§ RECORDS FOR THIS TASK:
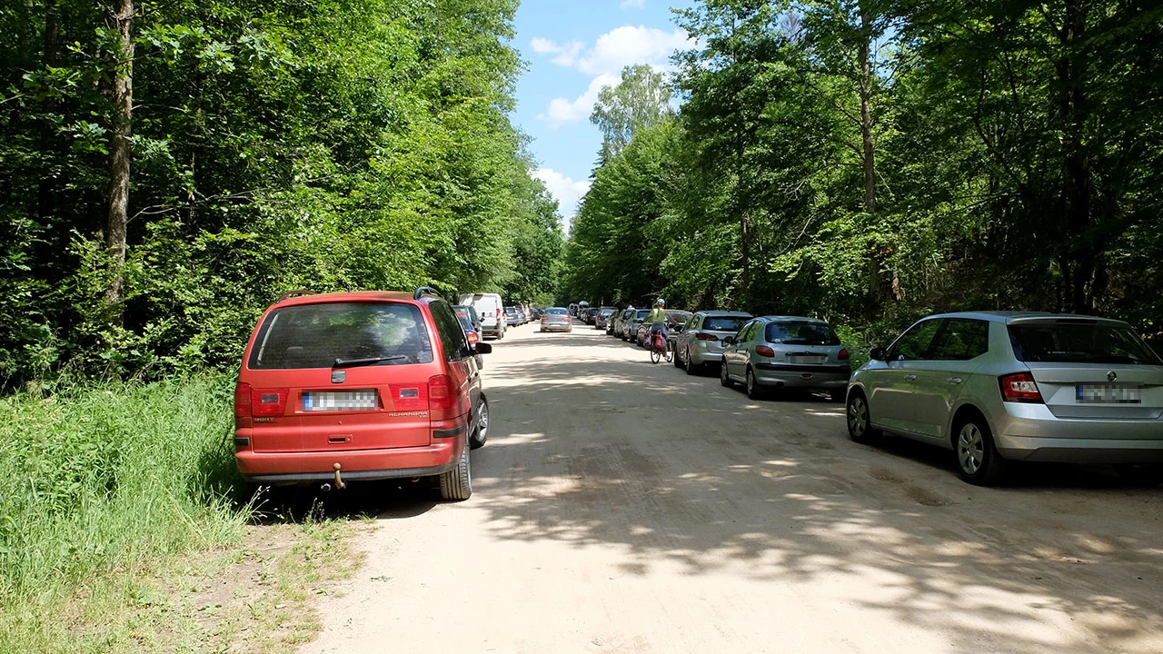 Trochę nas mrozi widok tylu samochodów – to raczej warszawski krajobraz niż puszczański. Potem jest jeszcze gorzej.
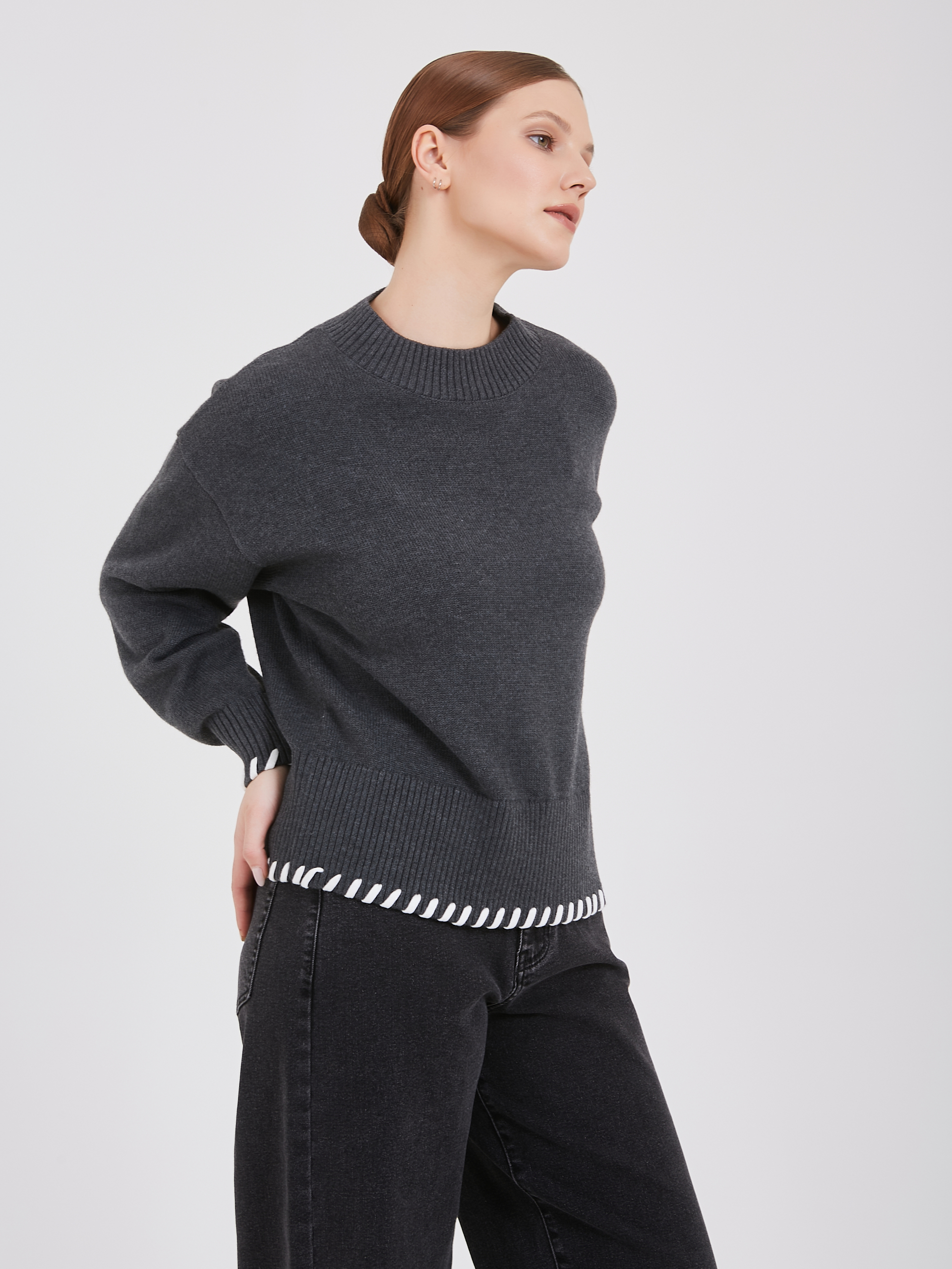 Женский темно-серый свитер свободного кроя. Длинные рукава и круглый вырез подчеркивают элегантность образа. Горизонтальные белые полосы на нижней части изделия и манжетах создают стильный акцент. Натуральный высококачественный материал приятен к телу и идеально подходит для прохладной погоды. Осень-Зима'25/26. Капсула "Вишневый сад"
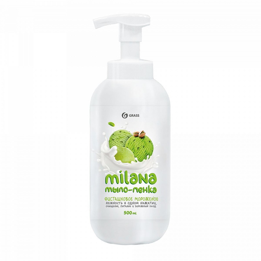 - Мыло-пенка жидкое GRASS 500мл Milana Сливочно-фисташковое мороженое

...

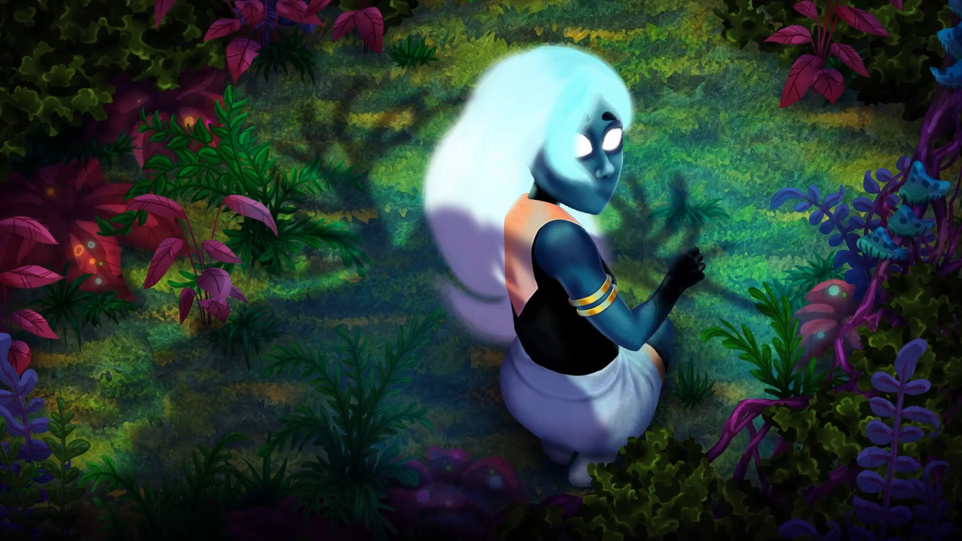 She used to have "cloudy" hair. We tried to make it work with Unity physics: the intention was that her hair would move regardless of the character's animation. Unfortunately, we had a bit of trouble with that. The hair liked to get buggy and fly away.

§ PROBLEM TO WORK ON: Range to copy from the records above: the line containing "Женский темно-серый свитер" to the line containing "- Мыло-пенка жидкое", both included. Output those lines exactly and only those, skipping pictures.

§ COMPLETED EXERCISE:
 Женский темно-серый свитер свободного кроя. Длинные рукава и круглый вырез подчеркивают элегантность образа. Горизонтальные белые полосы на нижней части изделия и манжетах создают стильный акцент. Натуральный высококачественный материал приятен к телу и идеально подходит для прохладной погоды. Осень-Зима'25/26. Капсула "Вишневый сад"
 - Мыло-пенка жидкое GRASS 500мл Milana Сливочно-фисташковое мороженое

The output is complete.